Aim of the exercise:
The pictures must be left out, while the rest of the data is copied exactly.

The data:
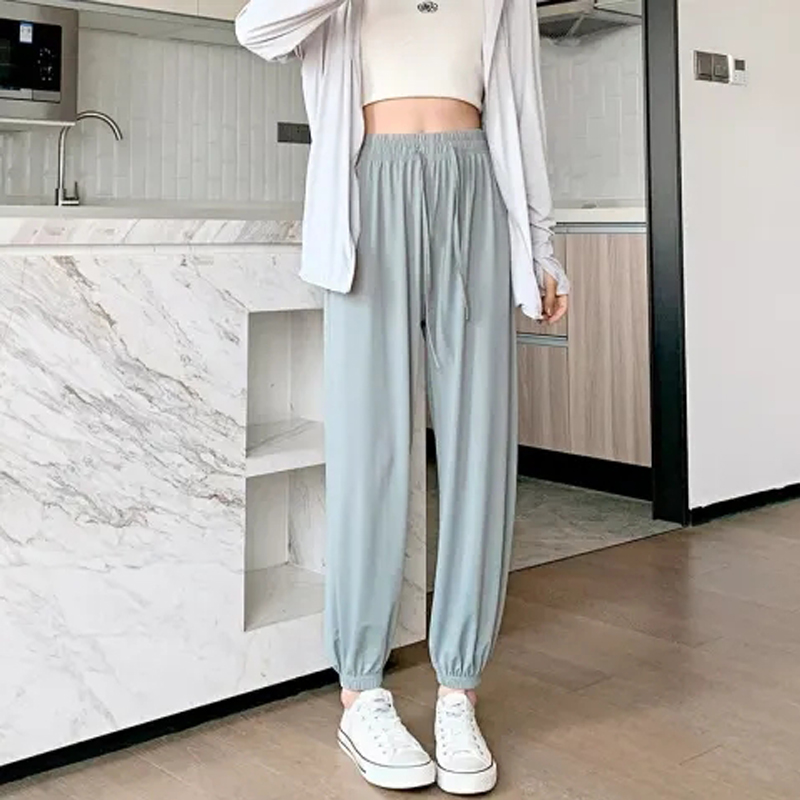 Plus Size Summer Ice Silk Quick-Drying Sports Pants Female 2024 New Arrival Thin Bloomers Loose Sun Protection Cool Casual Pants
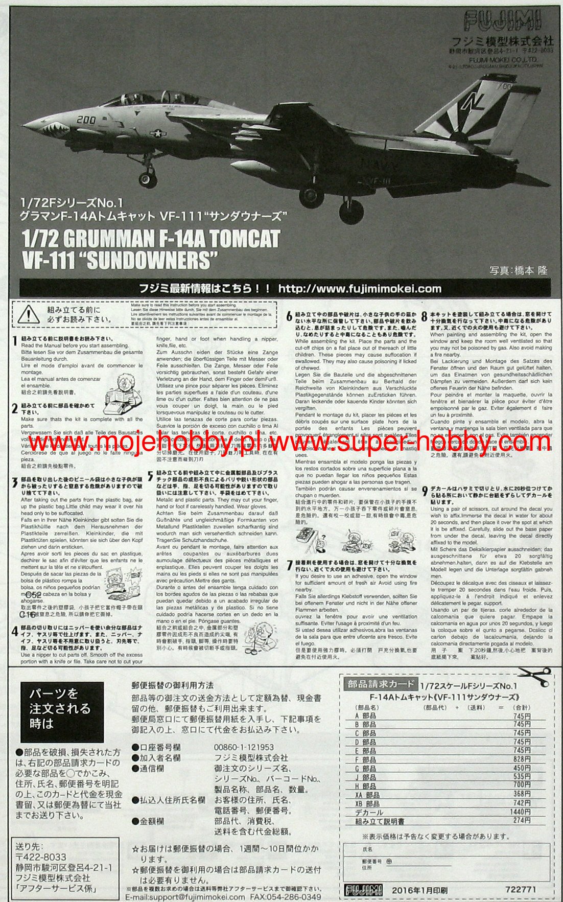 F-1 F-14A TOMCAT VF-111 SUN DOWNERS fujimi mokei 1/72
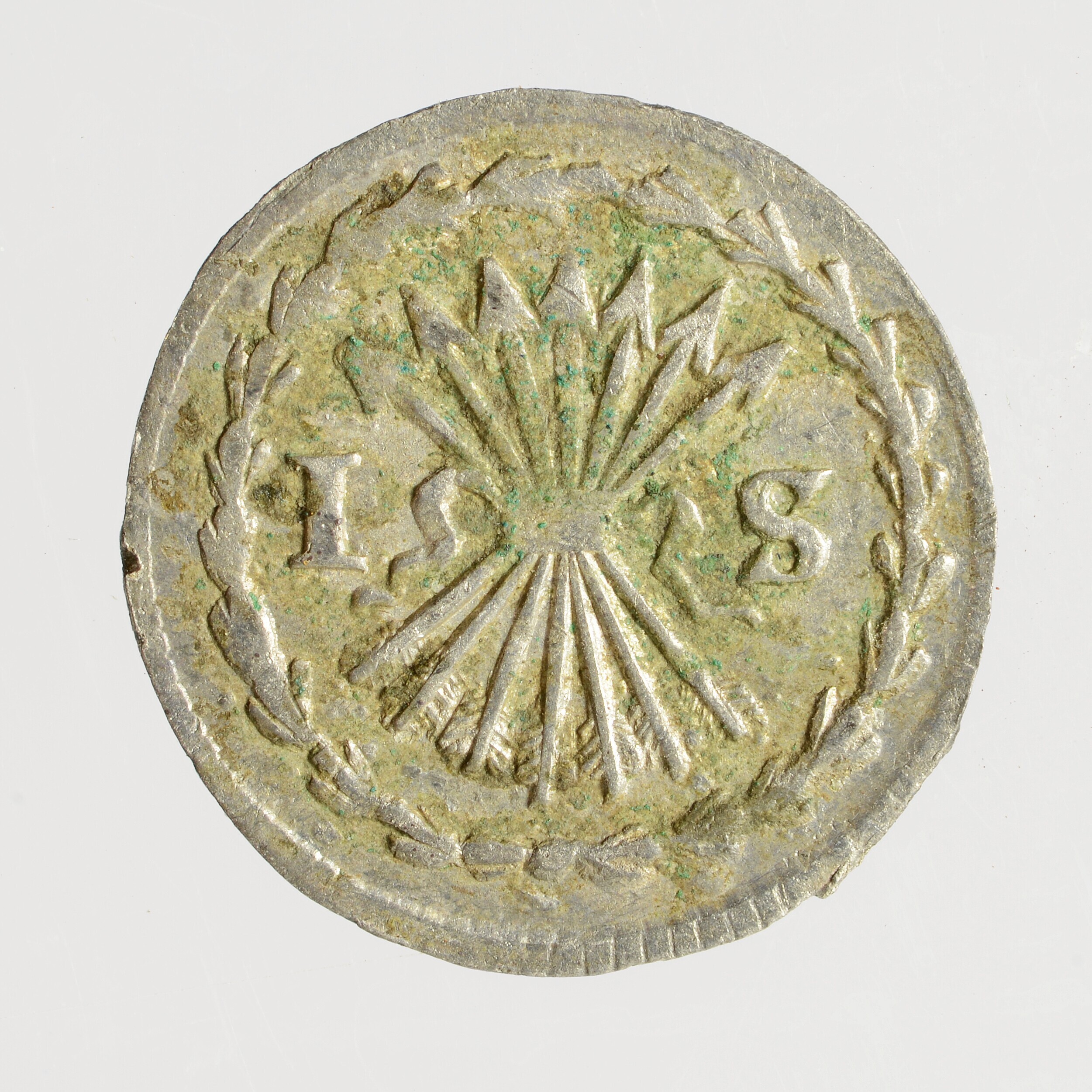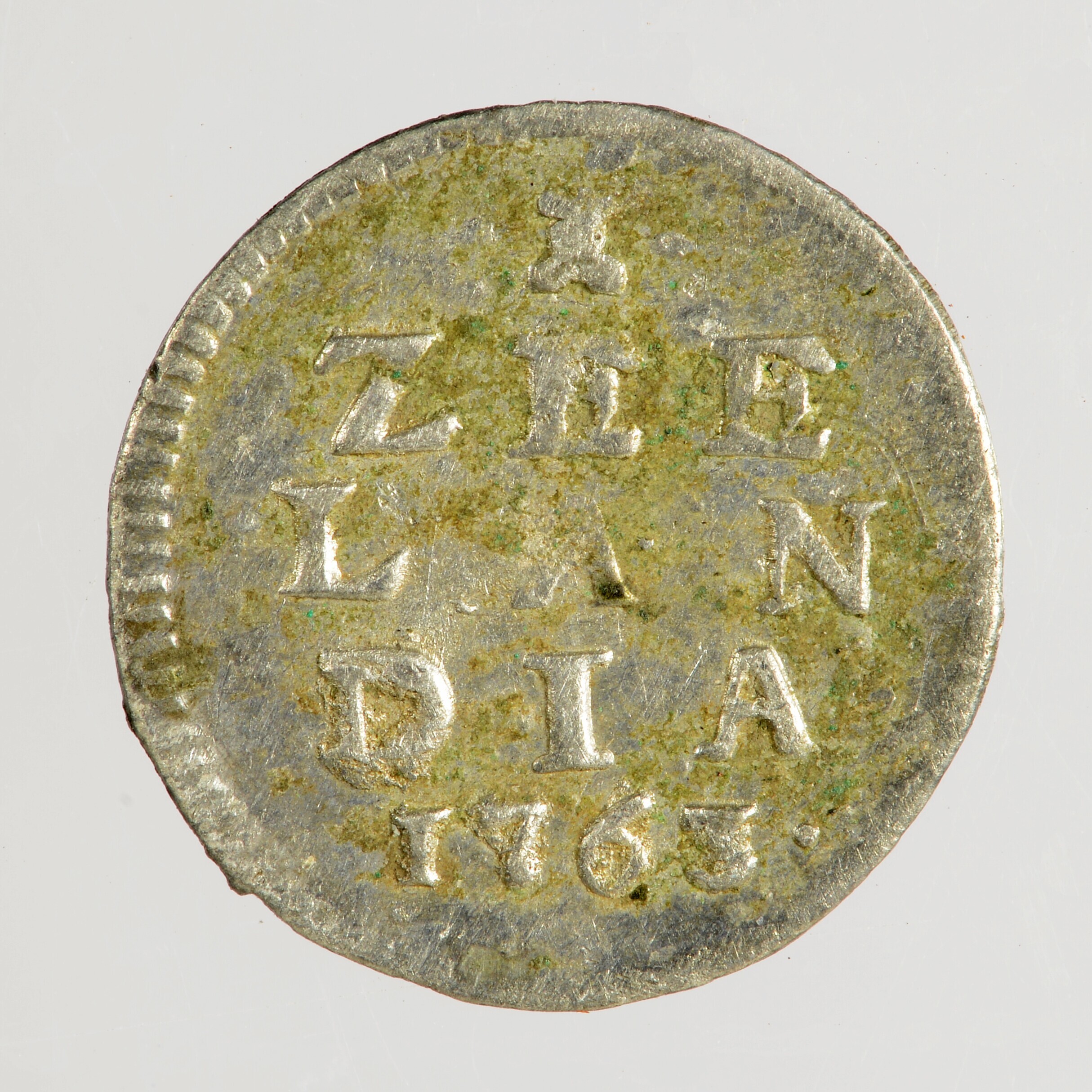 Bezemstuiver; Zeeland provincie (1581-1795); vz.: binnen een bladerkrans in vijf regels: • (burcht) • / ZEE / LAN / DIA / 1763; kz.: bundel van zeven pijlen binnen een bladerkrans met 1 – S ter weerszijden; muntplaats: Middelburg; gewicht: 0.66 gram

Output for this exercise:
 Plus Size Summer Ice Silk Quick-Drying Sports Pants Female 2024 New Arrival Thin Bloomers Loose Sun Protection Cool Casual Pants
 F-1 F-14A TOMCAT VF-111 SUN DOWNERS fujimi mokei 1/72
 Bezemstuiver; Zeeland provincie (1581-1795); vz.: binnen een bladerkrans in vijf regels: • (burcht) • / ZEE / LAN / DIA / 1763; kz.: bundel van zeven pijlen binnen een bladerkrans met 1 – S ter weerszijden; muntplaats: Middelburg; gewicht: 0.66 gram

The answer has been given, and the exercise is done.